Чехова, с его устойчивым интересом к науке, специально занимало соотношение науки и искусства, работы ученого (в частности, естествоиспытателя) и работы художника. И нам кажется, что в цитированном выше письме к Суворину сделана попытка определить своеобразие «научности» художественного творчества. Разделяя «постановку вопроса» и «решение вопроса», Чехов, по-видимому, проводит границу между художником и ученым. Ход мысли таков: если для художника обязательна только «постановка» (высказано в письме Чехова прямо), то от ученого требуется и то, и другое — и «постановка» и «решение» (подразумевается).
Разграничительное суждение Чехова — при условии, что реконструкция суждения верна, — представляется небезосновательным. Слов нет, и работа ученого может преследовать цель постановки вопроса. Порой об этом прямо предупреждает заглавие исследования. Но в силу того, что ученый оперирует обобщающими понятиями (формулами) и всегда стремится к ним, его исследование в любом случае завершается выводами, имеющими — применительно к взятому материалу — «разрешающий» смысл. Называя, скажем, статью «К постановке вопроса...», ученый фактически предлагает приближенное, первоначальное «решение вопроса». Не будь этого, в его работе ощущался бы явный пробел. Не то в искусстве. Уровень достижения здесь не зависит впрямую от того, дан или не дан ответ на поставленный, то есть изображенный вопрос. Полнота художественности может быть достигнута и тогда, когда в произведении нет разрешающего финала. Об этом неопровержимо свидетельствует опыт классического реализма.
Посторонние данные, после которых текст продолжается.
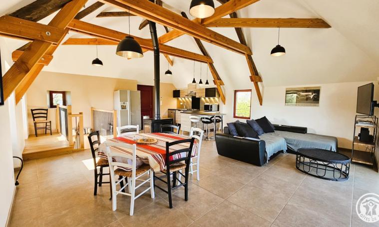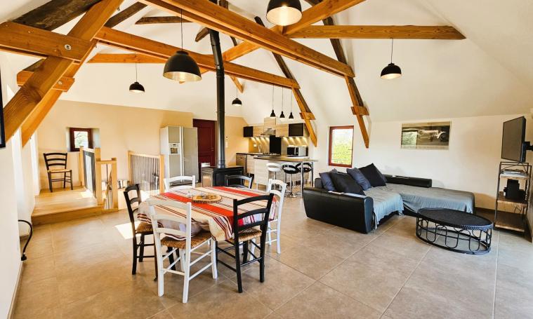 On the edge of a little ridge road with very little traffic, the gîte is located in an old house renovated to a very high standard, with a spacious living room, large terrace and balcony, swimming pool and superb 360° views.

Чехов не напрасно ссылается на романы Пушкина и Толстого. В «Евгении Онегине» Пушкин оставляет своего героя на распутье, без какой бы то ни было надежды на будущее; позитивного решения судьба «лишнего человека» не получает. В «Анне Карениной» история Анны лишь внешне имеет конец — бесповоротный, трагически непреложный; но, по сути дела, трагедия героини раскрывается как обусловленная комплексом причин трагедия безысходности. Возможно, Толстой и хотел сказать, как бы следовало поступить Анне в ее положении, — но объективно он этого не сказал, не указал спасительного пути. Тем не менее, по мысли Чехова (к которой нельзя не присоединиться), роман Толстого, как и роман Пушкина вполне удовлетворяют читателя именно с точки зрения осмысления вопроса. В этих романах, несмотря на отсутствие решений, есть та полнота и завершенность, какой обладает научный труд, научная монография.
Ограничение художественной задачи «постановкой вопроса» объединяет Чехова с его предшественниками — русскими художниками-реалистами. Декларацию, изложенную в письме к Суворину, было бы неверным считать выражением индивидуальной творческой программы. Но нельзя не брать во внимание настойчивость, с которой Чехов защищает право художника оставлять вопрос нерешенным, сюжетно незакрытым. Для последнего русского классика XIX века это право имело особую важность, особую значительность — поскольку, повторим, речь шла о создании картины жизни, и вширь и вглубь захваченной кризисом, поскольку упор делался на трезвом, трезвейшем осмыслении существующих и ежечасно возникающих кризисных ситуаций.
Примечания
1. Андреевич, Очерки текущей литературы, т. 2, «Жизнь», 1901, стр. 358.
2. См. в этой связи статью М. Елизаровой: «Образ Гамлета и проблема «гамлетизма» в русской литературе конца XIX в. (80—90-е годы)». — «Филологические науки», 1964, № 1; А. Горнфельд, «Чеховские финалы». — «Красная новь», 1939, № 8—9.